Not planning to do that at all lol, was thinking of getting the pad and heatsinks on the PCB, then use a textbook or something to place on top of the heatsinks acting as weight. Then leave it like that for a couple of hours.


----------



## rtwjunkie (Feb 25, 2016)

crystal6tak said:


> then use a textbook or something to place on top of the heatsinks acting as weight



I don't think you need to to all that!  My experience has been with VRM heatsinks that jist a little bit of pressure on the pad/tape for about 30 seconds will do the trick, which you can do with a finger.


----------



## EarthDog (Feb 26, 2016)

rtwjunkie said:


> I don't think you need to to all that!  My experience has been with VRM heatsinks that jist a little bit of pressure on the pad/tape for about 30 seconds will do the trick, which you can do with a finger.


winner winner... chicken dinner!


----------



## Sasqui (Feb 26, 2016)

Seeing the original post pic reminds me of a 5870 I bricked trying to do the same thing.


----------



## Schmuckley (Feb 26, 2016)

use ceramique2 and let it cure for 3 days 
Watch out in the vrm area where a slipped sink can contact the inductors.
I've lost 2-3 cards like that 
Even after applying LET to the area i thought it might would contact.


----------



## crystal6tak (Feb 26, 2016)

Sasqui said:


> Seeing the original post pic reminds me of a 5870 I bricked trying to do the same thing.


How did you brick it?



Schmuckley said:


> use ceramique2 and let it cure for 3 days
> Watch out in the vrm area where a slipped sink can contact the inductors.
> I've lost 2-3 cards like that
> Even after applying LET to the area i thought it might would contact.


I was considering ceramic, would you happen to know how safe removing the heatsinks would be after it has cured?


----------



## Sasqui (Feb 26, 2016)

crystal6tak said:


> How did you brick it?



Not entirely sure.  I think a solder point broke off or something, one or two of the VRM choke cores felt loose..  Put it all together, back in the case, no video, nadda.


----------



## Schmuckley (Feb 26, 2016)

crystal6tak said:


> How did you brick it?
> 
> 
> I was considering ceramic, would you happen to know how safe removing the heatsinks would be after it has cured?


Very safe.
To be extra safe,don't sink the VRMs..too near the inductor contacts..I have lost 3 cards like that...or is it 4?


----------



## crystal6tak (Feb 26, 2016)

Schmuckley said:


> Very safe.


Interesting!

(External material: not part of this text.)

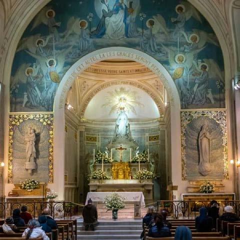 La Capilla de la Medalla Milagrosa en París es el lugar donde la Virgen María se apareció a Santa Catalina Labouré en 1830. María le encargó a Catalina la creación de la Medalla Milagrosa, un sacramental que ha otorgado innumerables gracias y bendiciones a quienes la llevan con fe. La capilla sigue siendo un lugar de peregrinación popular, especialmente para quienes buscan la intercesión de María.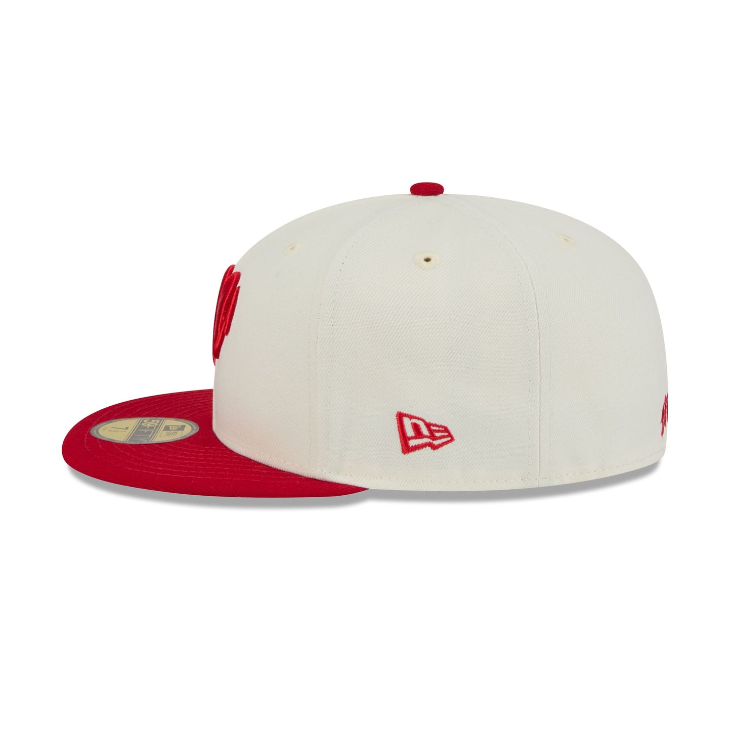 The Diablos Rojos del México Fan Gear 59FIFTY Fitted Cap features an embroidered Diablos Rojos logo at the front panels with a matching team wordmark at the rear. Additional details include a screen-printed team name at the right-wear side with a red visor and a gray undervisor.

Have any recommendation for what ceramic thermal paste I should use? And how would I go with taking the sinks off in the future? Just twist them off? I've read someone talk about putting it in the fridge to make it brittle, is that necessary? Also, you talked about the sink slipping and shorting out the VRM, can you expand on that? I'd like to not make the same mistake.

*EDIT:*
Saw you recommended ceramique 2, searching that up now.

*EDIT2:*
Are you sure the ceramique 2 is sticky enough to keep the heatsinks on the VRM/VRAM without support? I haven't found anyone that have used it for such application. I only found results for the previous product, the ceramique 1 which from this super old thread (post 4 onwards) says the ceramique 1 is not sticky enough.

*EDIT3:*
So umm...I ordered some Sekisui 5760 thermal tape instead lol. Hopefully aquacooling approves the cancellation of my order on the alphacooling pads...


----------



## OneMoar (Mar 3, 2016)

this is what you want if you are looking for glue
http://www.amazon.com/dp/B0009IQ1BU/?tag=tec06d-20
its glue so be careful with it once you have it in place and the glue sets its PERMANENT Near Impossible to remove


----------



## Retrorockit (Mar 3, 2016)

I suggest using Arctics 2 part cleaner to get a good bond. The tape should be sufficient to hold the aluminum sinks , the copper ones are much heavier and I've used tape with  them. The epoxy will transfer heat better than tape though mostly because it ends up  thinner.


----------